*** THE DATA ***
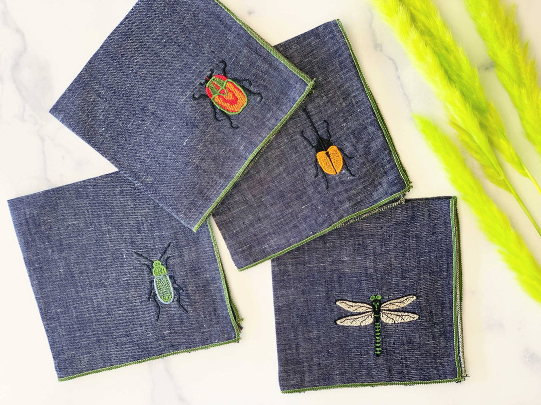 Dot and Army - Insect Embroidery Linen Chambray Cloth Napkins, set of four: 10inch cocktail
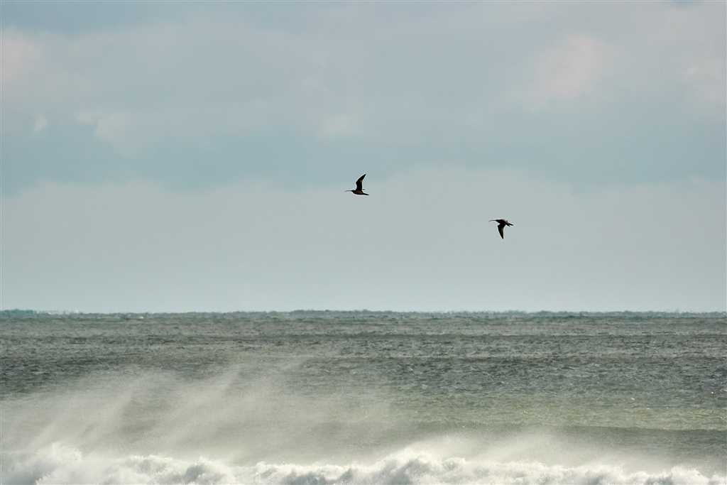 海上では(多分)チョウジャクシギが風をついて飛翔していました
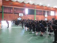 今週は県立高校一般入試が無事終わりました。そして、本日は生徒会主催の送別行事が行われました。第1部の校内ウォークラリーでは、ジェスチャー伝言や宝探しなど16のステージが準備され全学年が15班に分かれてそれぞれのゲームを楽しみました。ゲーム(競技)内容の種類と内容に感心するばかりでした。そして、第2部は運動場において、学級対抗ドッジボールと借り物競争でした。どの学級も最後の学級レクリエーションに和気あいあいでした。最後は、体育館に移動して学級対抗障害物リレーでした。なわとび、バスケットなど体育館を大いに活用したもので、リレーに参加した生徒と応援の生徒でおおいに盛り上がりました。最後は、この行事を企画・運営してくれた生徒会メンバーに対して全校生徒で慰労しました。卒業生にとっては中学校生活最後のレクリエーションでした。12月前からこの準備に取り組んでくれました生徒会のみなさん、担当の寺田先生、ご協力いただきました諸先生方に心より感謝申し上げます。すばらしい送別行事となりました。
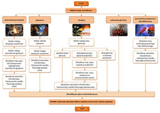 Na bazie wyników uzyskanych z badań laboratoryjnych oraz na podstawie danych literaturowych opracowano poradnik w formie aplikacji komputerowej, dotyczący kompletowania zestawów odzieżowych do prac w mikroklimacie gorącym. Poradnik ten stanowi kompendium wiedzy dla służb BHP odpowiedzialnych za dobór środków ochrony indywidualnej w zakładach pracy, jak również dla producentów odzieży ochronnej, uwzględnia bowiem wszystkie najważniejsze zagadnienia pozwalające na właściwy dobór odzieży ochronnej i odzieży spodniej. Ponadto w ramach zadania opracowano 5-modułowy program komputerowy Safe-Clo, który stanowi proste narzędzie ułatwiające kompletowanie odzieży ochronnej z odzieżą spodnią (bielizną) dla różnych grup zawodowych narażonych podczas pracy na działanie czynników gorących. Program ten dobiera odzież ochronną i odzież spodnią w zależności od rodzaju grupy zawodowej, rodzaju i poziomu zagrożeń oraz ciężkości wykonywanej pracy.
*** End of THE DATA ***
TASK REQUIREMENTS: Print the data above exactly; drop every picture.

ANSWER BOX:
 Dot and Army - Insect Embroidery Linen Chambray Cloth Napkins, set of four: 10inch cocktail
 海上では(多分)チョウジャクシギが風をついて飛翔していました
 今週は県立高校一般入試が無事終わりました。そして、本日は生徒会主催の送別行事が行われました。第1部の校内ウォークラリーでは、ジェスチャー伝言や宝探しなど16のステージが準備され全学年が15班に分かれてそれぞれのゲームを楽しみました。ゲーム(競技)内容の種類と内容に感心するばかりでした。そして、第2部は運動場において、学級対抗ドッジボールと借り物競争でした。どの学級も最後の学級レクリエーションに和気あいあいでした。最後は、体育館に移動して学級対抗障害物リレーでした。なわとび、バスケットなど体育館を大いに活用したもので、リレーに参加した生徒と応援の生徒でおおいに盛り上がりました。最後は、この行事を企画・運営してくれた生徒会メンバーに対して全校生徒で慰労しました。卒業生にとっては中学校生活最後のレクリエーションでした。12月前からこの準備に取り組んでくれました生徒会のみなさん、担当の寺田先生、ご協力いただきました諸先生方に心より感謝申し上げます。すばらしい送別行事となりました。
 Na bazie wyników uzyskanych z badań laboratoryjnych oraz na podstawie danych literaturowych opracowano poradnik w formie aplikacji komputerowej, dotyczący kompletowania zestawów odzieżowych do prac w mikroklimacie gorącym. Poradnik ten stanowi kompendium wiedzy dla służb BHP odpowiedzialnych za dobór środków ochrony indywidualnej w zakładach pracy, jak również dla producentów odzieży ochronnej, uwzględnia bowiem wszystkie najważniejsze zagadnienia pozwalające na właściwy dobór odzieży ochronnej i odzieży spodniej. Ponadto w ramach zadania opracowano 5-modułowy program komputerowy Safe-Clo, który stanowi proste narzędzie ułatwiające kompletowanie odzieży ochronnej z odzieżą spodnią (bielizną) dla różnych grup zawodowych narażonych podczas pracy na działanie czynników gorących. Program ten dobiera odzież ochronną i odzież spodnią w zależności od rodzaju grupy zawodowej, rodzaju i poziomu zagrożeń oraz ciężkości wykonywanej pracy.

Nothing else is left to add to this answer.